The same applies when working with teammates! Any time you pull new code into a project, running composer install will guarantee you are working with the same set of packages as your collaborators. If you’re one for automation, you can even have Craft apply migrations and project config at the same time by adding a special hook to the scripts key in composer.json:









 



{
    "require": {
        "craftcms/cms": "^4.0.0",
        "vlucas/phpdotenv": "^5.4.0"
        // ...
    },
    // ...
    "scripts": {
        "post-install-cmd": "@php craft install/check && php craft up --interactive=0 || exit 0"
    }
}

This tells Composer that after it has successfully installed packages from a lockfile (typically the result of running composer install), it should check if Craft is installed (@php craft install/check) and if so, run craft up non-interactively to apply migrations and project config. || exit 0 ensures that the command exits nominally, so as not to disrupt other processes that expect composer install to succeed.

# Licensing

When you buy a Craft Pro or plugin license, you are entitled to use that version in perpetuity—or any version that you update to, during the year of included updates. To get the most out of your Craft licenses, run updates frequently!

# Upgrade Guides

Sometimes, there are significant changes to be aware of—even in minor versions. In these (rare) cases, we publish a guide in the Knowledge Base (opens new window), and list it here.
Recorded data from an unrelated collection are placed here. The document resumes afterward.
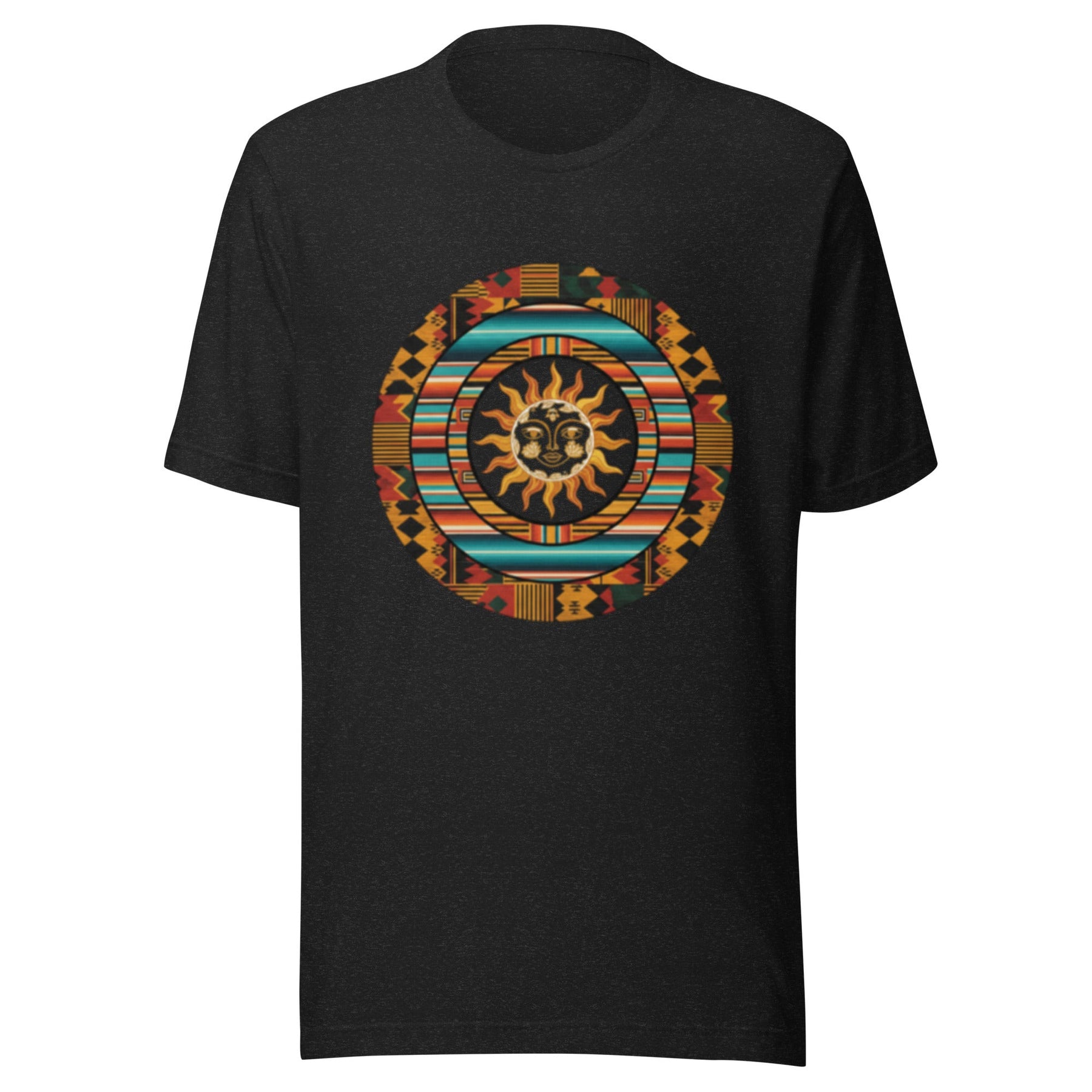 : A stylized sacred heart, a powerful symbol in Mexican folk art, rendered in bold red and gold. The heart is engulfed in flames, and at its center, it contains a fusion of African and Mexican symbols (e.g., an Adinkra symbol and a milagro charm). The phrase “Hecho con Fuego y Alma” (Made with Fire and Soul) is integrated into the desiation. “Hecho con Fuego y Alma” is a declaration of being crafted from powerful, essential elements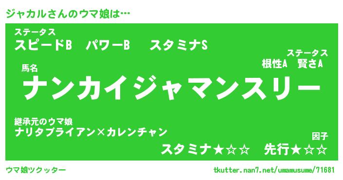 | 意味不明あだ名 | 『ペロリンジャカル』『永久保存ジャカル』 |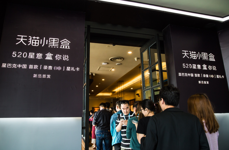 (星巴克首款“會(huì)說(shuō)話”的星禮卡天貓小黑盒首發(fā)。)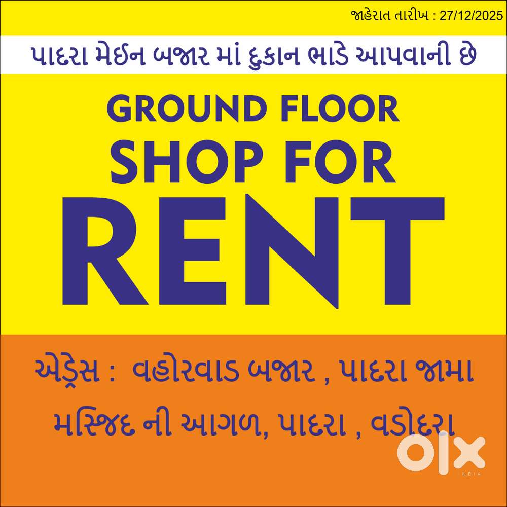 - ₹ 25,000SHOP FOR RENT IN PADRA MAIN BAJARTandalja, VadodaraYesterday

The most common changes that fits this criteria are deprecated features. Notices will be accompanied by instructions for updating your code to work with the new APIs. Any features that are subsequently removed in a major release will also be noted in the new version’s upgrade guide.

Deprecation warnings will affect plugin developers more frequently than regular users—but it’s still a good idea to keep your eye on the Deprecation Warnings utility.